(Records excerpted from a collection)
....................

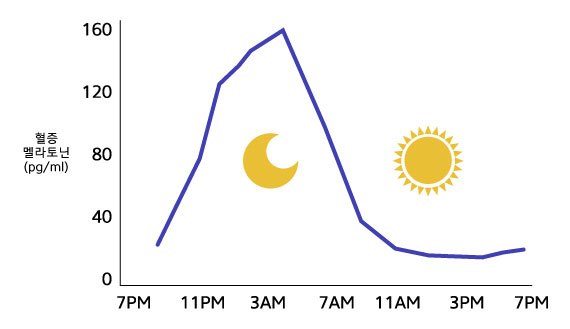 멜라토닌은 하루 주기의 생체리듬을 담당합니다. 수면의 호르몬이라고 합니다. 새벽 1시~5시 사이에 많이 분비되어 수면 욕구를 발생시킵니다. 점점 길어지는 일조시간은 멜라토닌의 분비량을 서서히 감소시키게 됩니다.
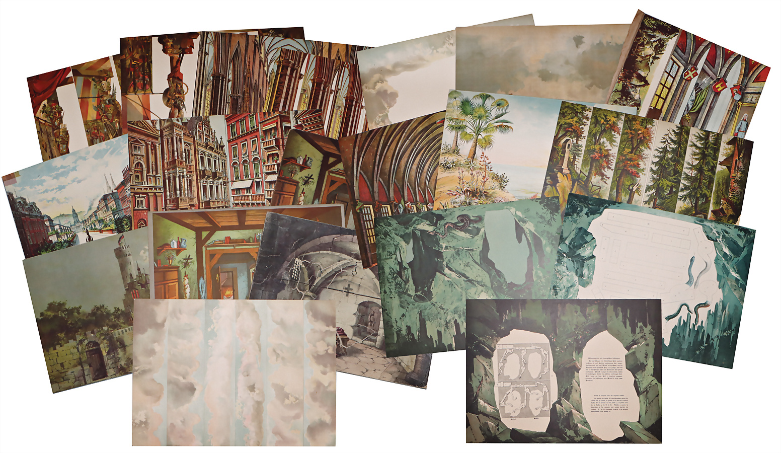 Großes Konvolut Schreiber, Hintergründe und Kulissen, auf Karton geklebt, 26 Teile, meist guter Zustand, teils kleinere Fehlstellen
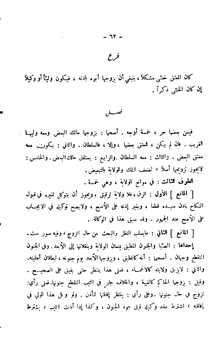 (الْمَانِعُ) الْأَوَّلُ: الرِّقُّ، فَلَا وَلَايَةَ لِرَقِيقٍ، وَيَجُوزُ أَنْ يَتَوَكَّلَ لِغَيْرِهِ فِي قَبُولِ النِّكَاحِ بِإِذْنِ سَيِّدِهِ قَطْعًا، وَبِغَيْرِ إِذْنِهِ عَلَى الْأَصَحِّ، وَلَا يَصِحُّ تَوْكِيلُهُ فِي الْإِيجَابِ عَلَى الْأَصَحِّ عِنْدَ الْجُمْهُورِ. وَقَدْ سَبَقَ هَذَا فِي الْوَكَالَةِ.
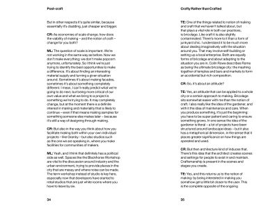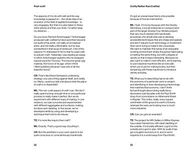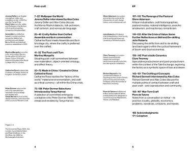 The notion of the handmade has shifted from the margins to center stage. Craft's value is increasingly recognized across creative, economic, social, cultural, and political contexts. Owing to dissolving disciplinary boundaries and the widespread appropriation of craft, its meaning is changing. While its claims to values such as authenticity and anti-consumerism are in question, the role of craft is poised to be optimized within the contemporary climate. Amid new economies of making, as craft moves from "modern craft" to "post-craft," we need to examine not only the practice of craft but also its mediation and interpretation
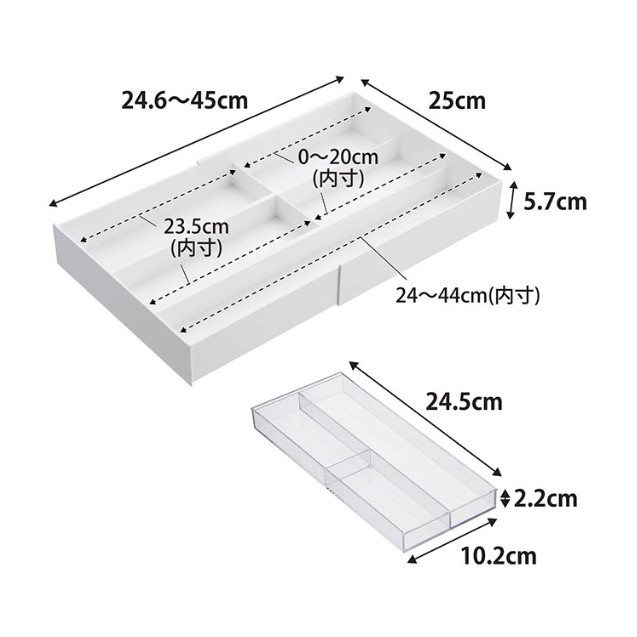 ●商品サイズ:約W25×D24.6〜45×H5.7cm 上段トレーサイズ:約W24.5×D10.2×H2.2cm
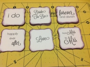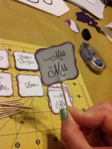 On the invitation I used the fonts champagne and limousines and lavanderia regular. I carried those through for these cuties. You can make a design in word, publisher, photoshop, or even use a small stamp.
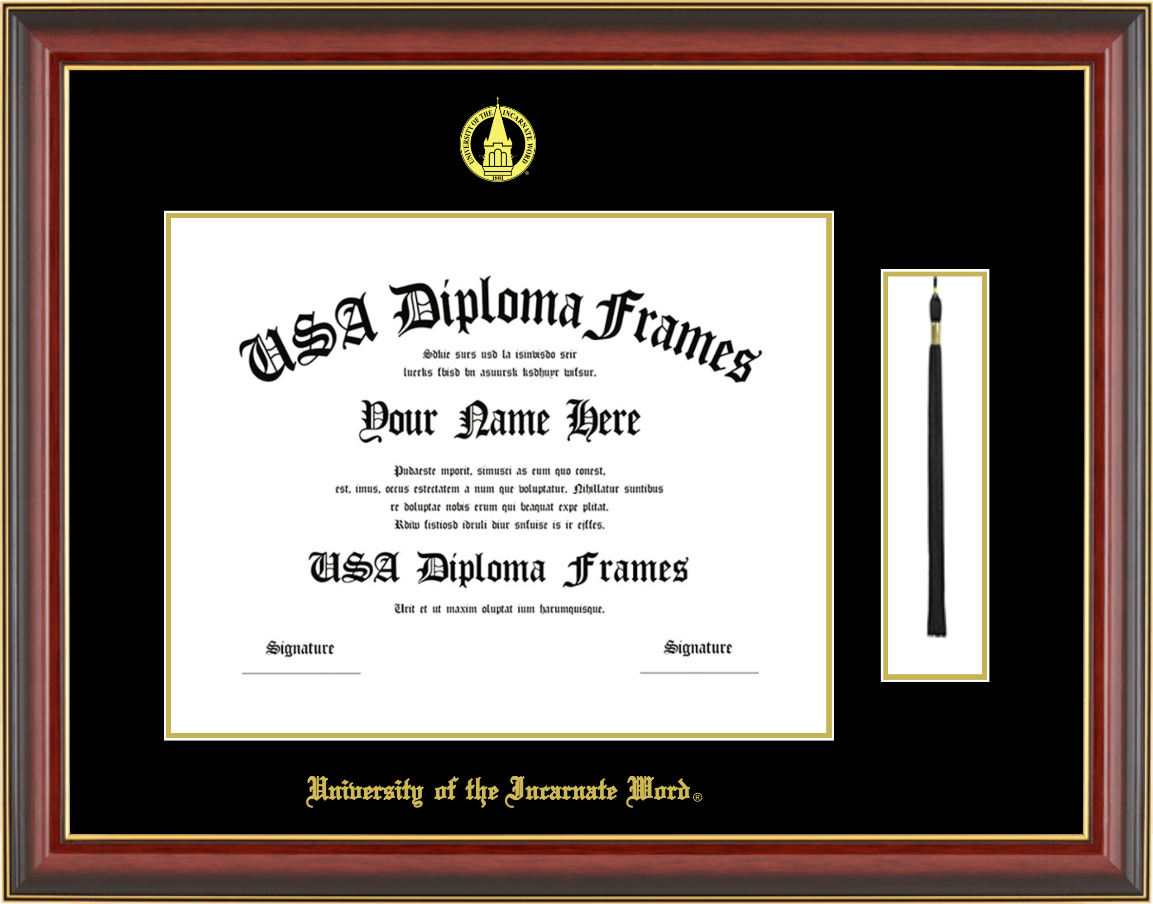 University of the Incarnate Word – Single Horizontal Document ( Diploma ) – Cherry Mahogany Gold Trim Glossy – Black Mat – Gold Accent Mat – With Tassel(Default) – With Seal(University Seal Gold) – With Gold Embossing (University of the Incarnate Word)
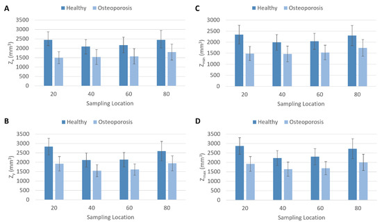 Plots of section modulus data from the healthy and osteoporosis experimental groups. (A) Section modulus about the x axis . (B) Section modulus about the y axis . (C) Minimum section modulus . (D) Maximum section modulus . Sampling location = percentage of biomechanical length.

....................

Write out exactly the opening lines of the data, stopping after the line that holds "Großes Konvolut Schreiber, Hintergründe". Exclude pictures.

 멜라토닌은 하루 주기의 생체리듬을 담당합니다. 수면의 호르몬이라고 합니다. 새벽 1시~5시 사이에 많이 분비되어 수면 욕구를 발생시킵니다. 점점 길어지는 일조시간은 멜라토닌의 분비량을 서서히 감소시키게 됩니다.
 Großes Konvolut Schreiber, Hintergründe und Kulissen, auf Karton geklebt, 26 Teile, meist guter Zustand, teils kleinere Fehlstellen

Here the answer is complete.